BEIJING, Jul 19, 2000 -- (Agence France Presse) Two more members of the outlawed Falungong spiritual movement have died while in Chinese police detention, officials and relatives told AFP on Wednesday.

The latest deaths brings to at least 24 the number of Falungong practitioners who have died from police maltreatment or hunger strikes since Chinese authorities banned the movement one year ago, according to the Hong Kong-based Information Center for Human Rights and Democracy.

One of the two recent victims, 44-year-old Li Zaiji, died on July 7 while serving in a reform-through-labor institution in northeastern Jilin city, according to local authorities.

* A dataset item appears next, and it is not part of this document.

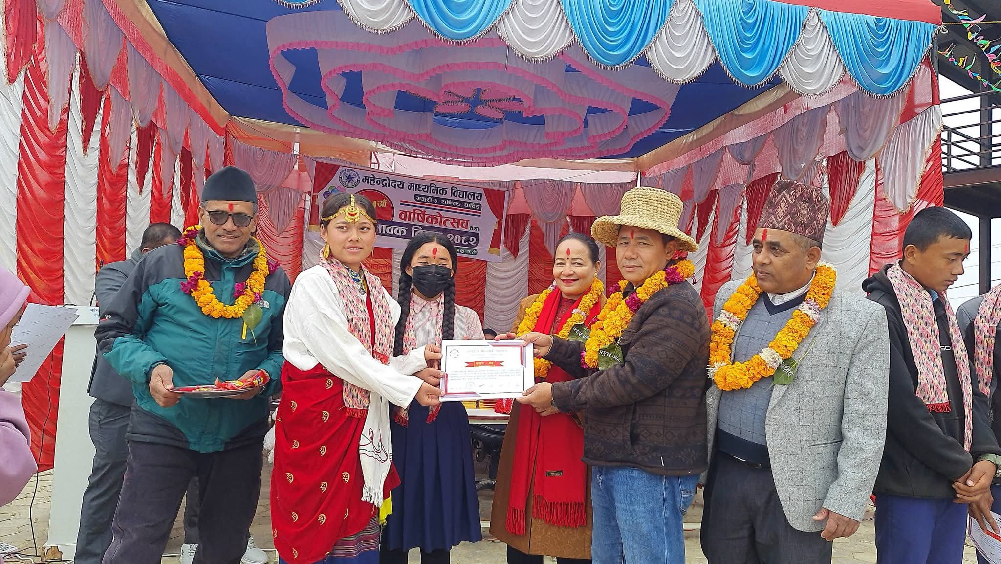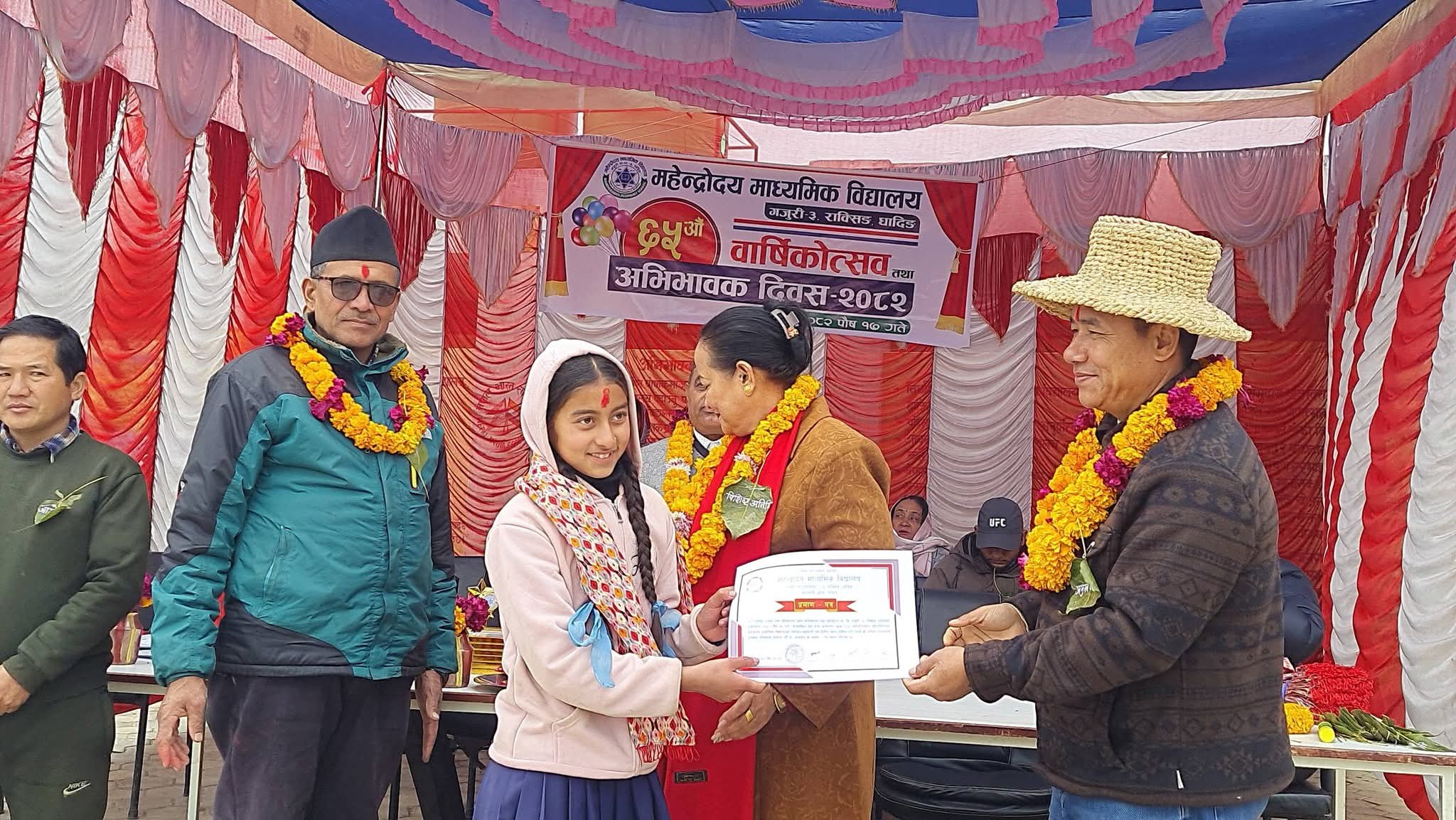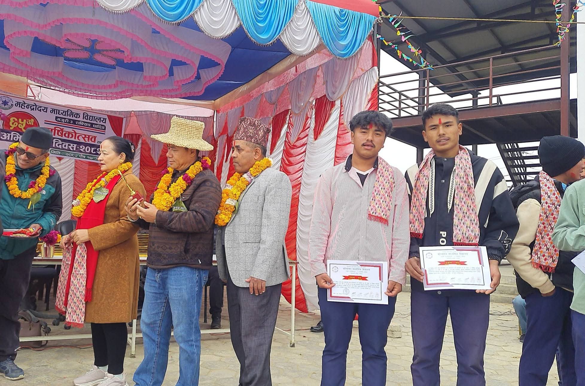 अन्तर सदन शैक्षिक सामग्री प्रदर्शनी प्रतियोगितामा पहेंलो सदन प्रथम हुन सफल भई सम्मानित भएको थियो।भौगोलिक रूपमा विकट क्षेत्रमा अवस्थित भए पनि अभिभावक,शिक्षक तथा विद्यार्थीहरूको अनुशासन, मेहनत र परिश्रमका कारण विद्यालय शैक्षिक, सांस्कृतिक तथा खेलकुद क्षेत्रमा निरन्तर प्रगतिको दिशामा अघि बढिरहेको सहभागीहरूले बताएका छन्।कार्यक्रम सञ्चालन विद्यालयका शिक्षक राम किशोर चौधरीले गर्नुभएको थियो।

"It's a normal death," said a municipal official in charge of dealing with the banned movement, who gave her surname as Yu.

"He suffered from dysentery."

But the Hong Kong-based information center said that when relatives saw Li's body after his death, they discovered numerous wounds and bandages covering even his eyes.

Police declined to explain how the wounds on Li's body had come about, and at his cremation last Friday they dispatched 100 officers, the center said.

The other victim, Wang Peisheng, 68, died while in detention in Weifang city in the eastern province of Shandong province on Wednesday last week.

There were no signs that police had directly maltreated Wang, formerly the second-ranking Falungong member in Weifang, his wife Liu Xiulian said.

"My son checked the body, and it looked normal, no wounds," she told AFP. "It didn't look like he'd been tortured."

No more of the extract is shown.